Abstract 15950: Development of Near-Infrared Nanoprobes for in vivo Monitoring of Fibrin Deposition and Inflammatory Responses
Objective Fibrin deposition has been shown to accelerate vascular and lung inflammation. It is thus believed that the extent of fibrin accumulation determines the degree of inflammatory reactions in tissue. To test this hypothesis, fibrin-affinity nanoprobes (FNPs) were fabricated and then tested for their ability to detect and quantify both fibrin deposition and inflammatory responses in vivo.

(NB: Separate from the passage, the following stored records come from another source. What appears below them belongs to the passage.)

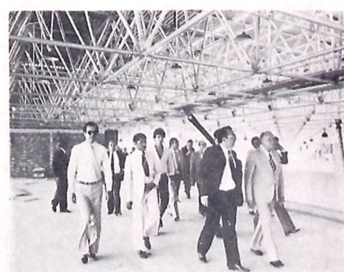
O governador mostrou o Espaço Cultural aos seus convidados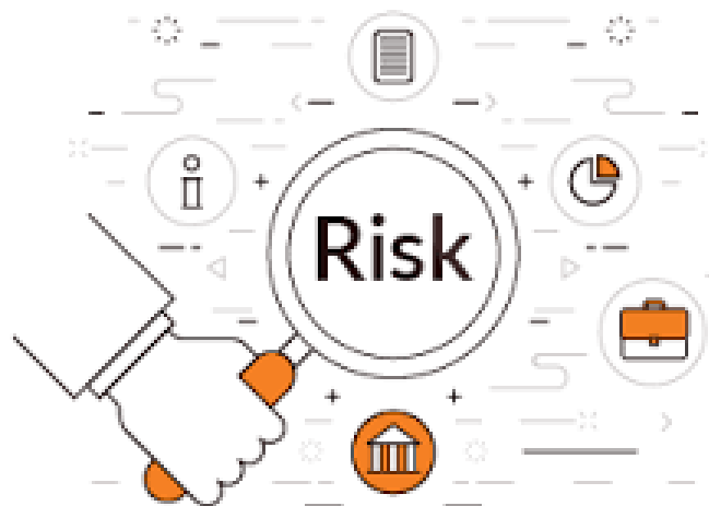
Составление профиля риска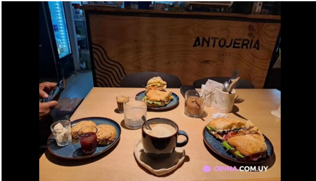
Antojeria cafe cafe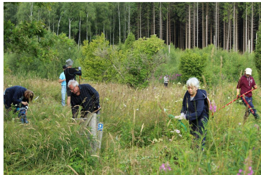
2: Ängens dag i Komperskulla.

Methods FNPs were produced by conjugating fibrin affinity peptide (Gly-Pro-Arg-Pro-Pro) with near infrared dye-labeled nanoprobes. The ability of FNPs to detect fibrin deposition and inflammatory responses were evaluated using various in vivo models.
Results We first assessed the efficacy of FNPs to detect fibrin deposition in vivo using polyethylene terephthalate (PET) disks-precoated with either fibrin or albumin. After being implanted subcutaneously with various treated PET disks for 24 hours, Balb/C mice were intravenously administered with FNPs. Within 2 hours of FNP administration, using a Kodak in Vivo FX imaging system, strong fluorescence was found to be associated with fibrin-coated, but not albumin-coated disk (Fig 1a). In a separate study, mice were injected with LPS to induce subcutaneous inflammation for 24 hours prior to FNPs injection. As expected, the fluorescence intensities of the LPS injection sites were significantly higher than the saline sites at all time points (Fig 1b). The average fluorescence intensities in LPS-site are ~6 folds higher than saline-controls at the 24-hour time point (Fig. 1c). In support of our hypothesis, histological analyses also revealed that, at 24 hours, the tissues surrounding the LPS accumulated significantly more (~8 folds) inflammatory cells than the saline injection site (Fig 1d).
Conclusion The results support that FNPs and fluorescence imaging technique may serve as a powerful tool to continuously monitor and quantify the extent of fibrin deposition and associated inflammatory responses in vivo.
- © 2011 by American Heart Association, Inc.